**TASK DIRECTIONS**
Print out the data that follows exactly, character for character, apart from the pictures.

**DATA**
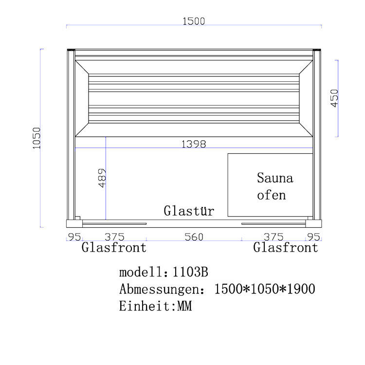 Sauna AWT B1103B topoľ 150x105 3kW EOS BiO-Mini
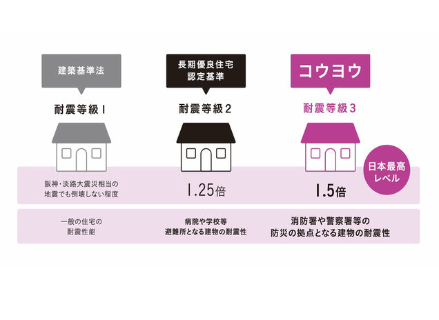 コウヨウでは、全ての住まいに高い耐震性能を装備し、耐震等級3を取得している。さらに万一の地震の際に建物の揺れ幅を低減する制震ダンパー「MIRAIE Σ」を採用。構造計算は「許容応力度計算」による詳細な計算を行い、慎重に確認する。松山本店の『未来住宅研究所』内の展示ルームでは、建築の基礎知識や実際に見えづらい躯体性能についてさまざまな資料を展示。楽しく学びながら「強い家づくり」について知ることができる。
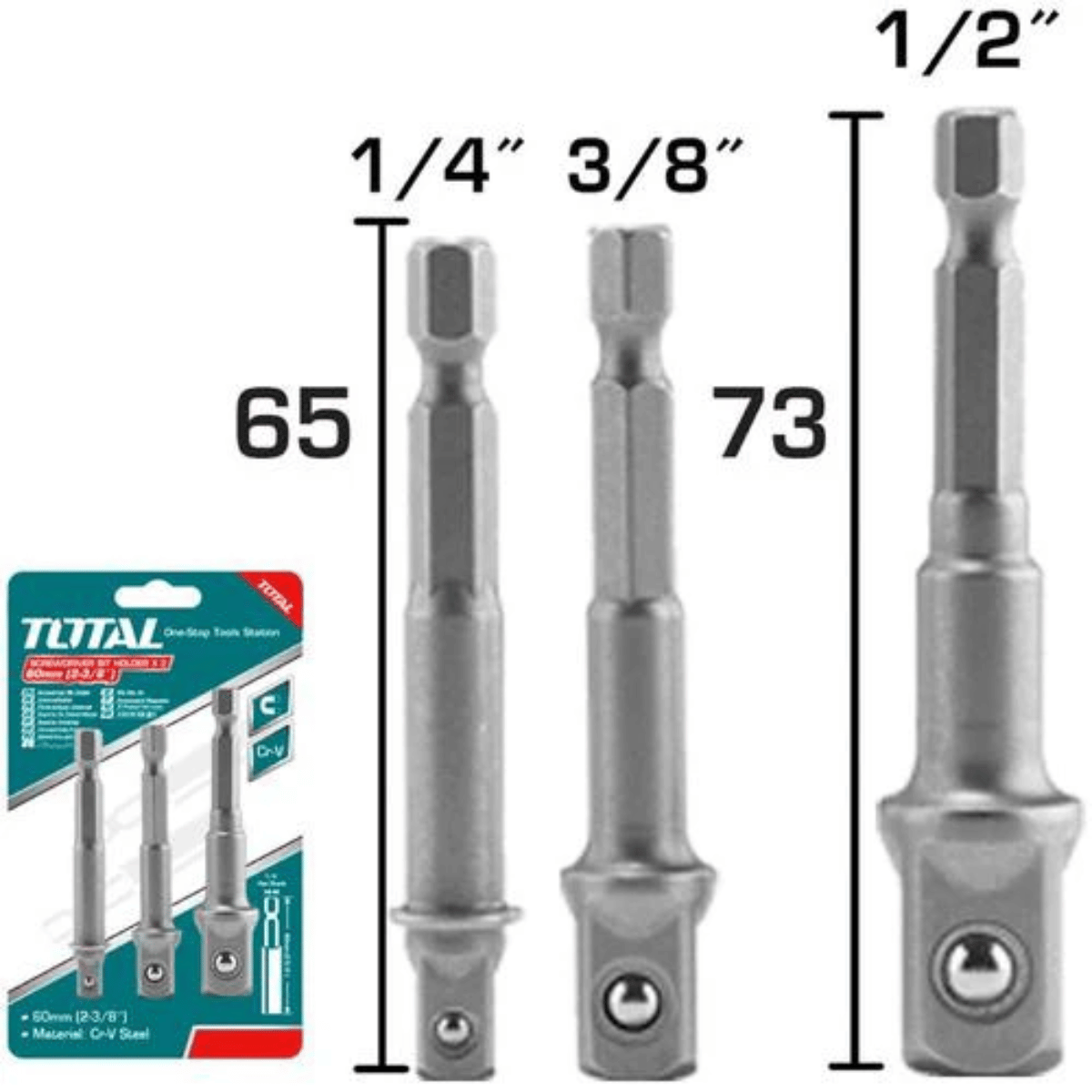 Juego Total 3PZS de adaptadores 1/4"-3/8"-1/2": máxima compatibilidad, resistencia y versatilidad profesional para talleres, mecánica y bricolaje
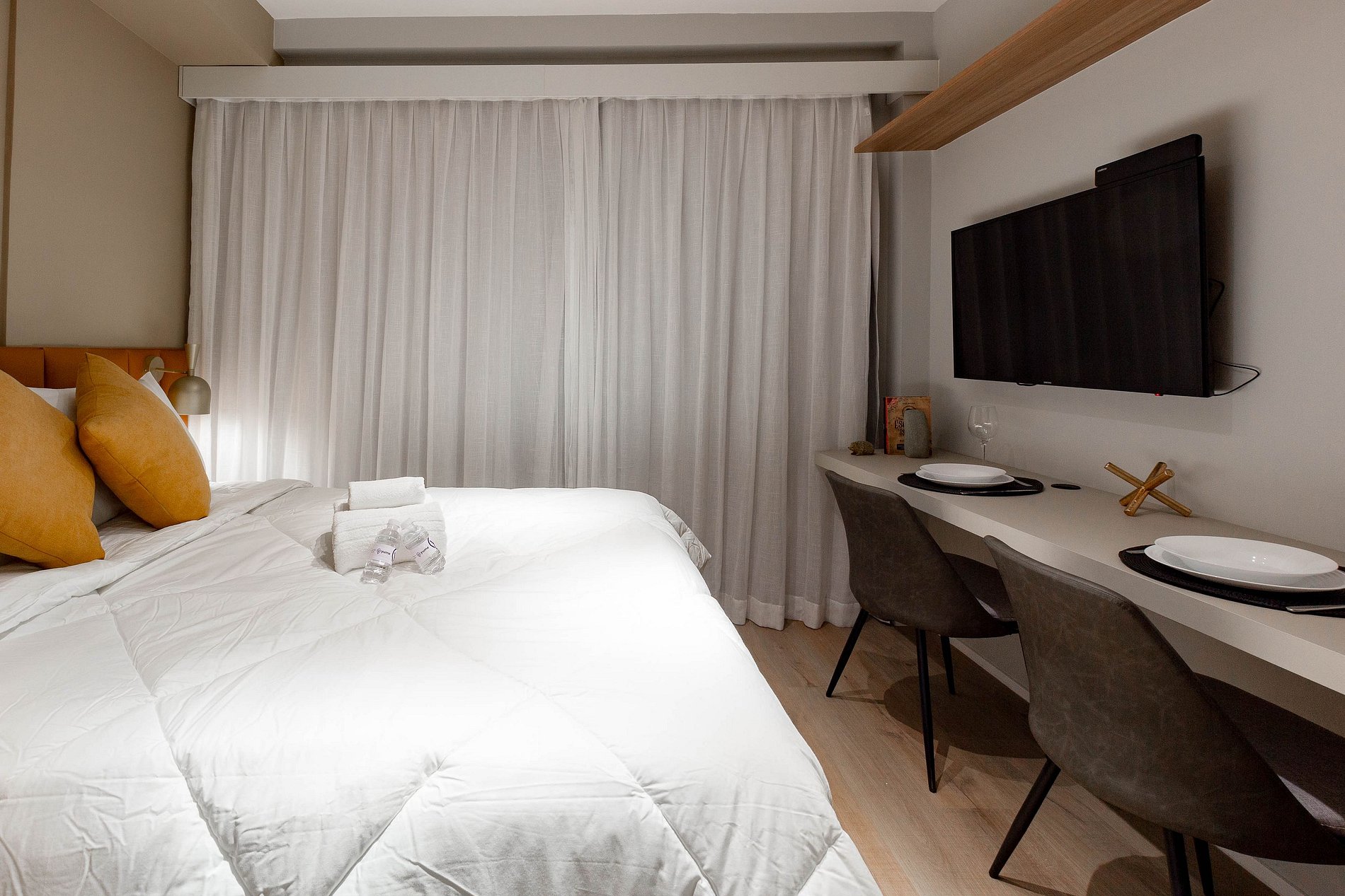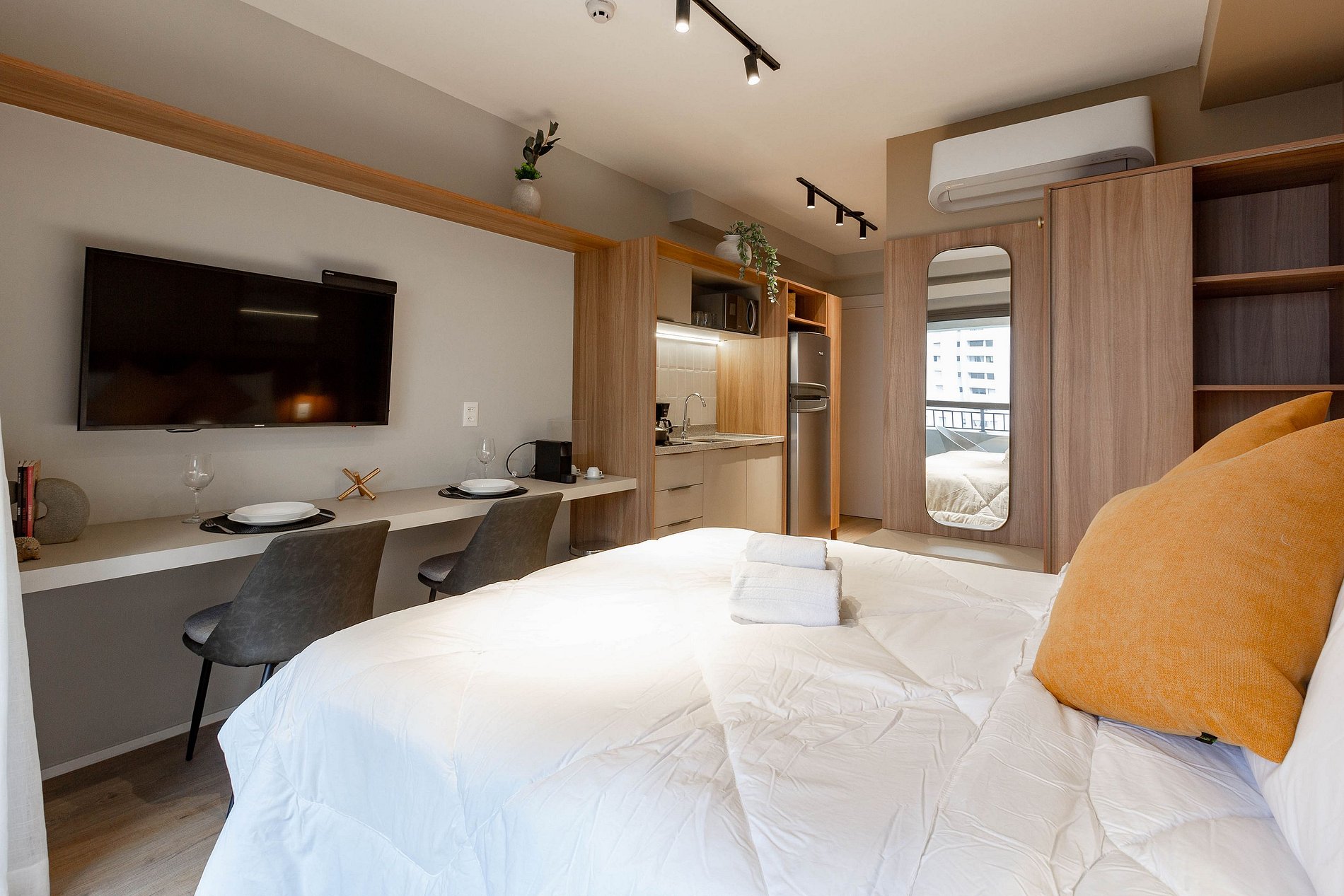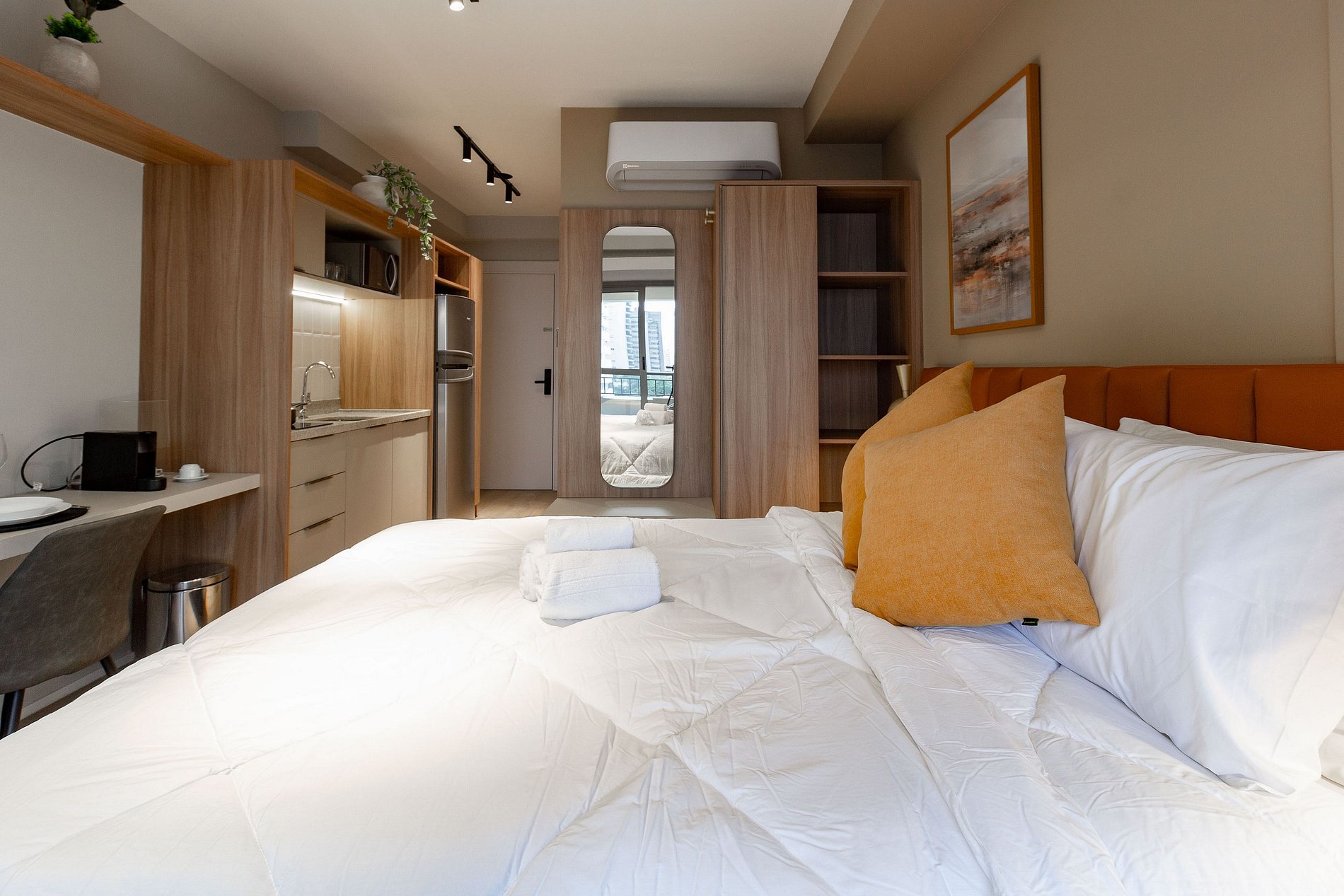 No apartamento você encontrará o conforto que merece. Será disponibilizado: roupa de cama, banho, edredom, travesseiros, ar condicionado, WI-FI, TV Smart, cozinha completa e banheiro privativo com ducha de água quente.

**SOLUTION**
 Sauna AWT B1103B topoľ 150x105 3kW EOS BiO-Mini
 コウヨウでは、全ての住まいに高い耐震性能を装備し、耐震等級3を取得している。さらに万一の地震の際に建物の揺れ幅を低減する制震ダンパー「MIRAIE Σ」を採用。構造計算は「許容応力度計算」による詳細な計算を行い、慎重に確認する。松山本店の『未来住宅研究所』内の展示ルームでは、建築の基礎知識や実際に見えづらい躯体性能についてさまざまな資料を展示。楽しく学びながら「強い家づくり」について知ることができる。
 Juego Total 3PZS de adaptadores 1/4"-3/8"-1/2": máxima compatibilidad, resistencia y versatilidad profesional para talleres, mecánica y bricolaje
 No apartamento você encontrará o conforto que merece. Será disponibilizado: roupa de cama, banho, edredom, travesseiros, ar condicionado, WI-FI, TV Smart, cozinha completa e banheiro privativo com ducha de água quente.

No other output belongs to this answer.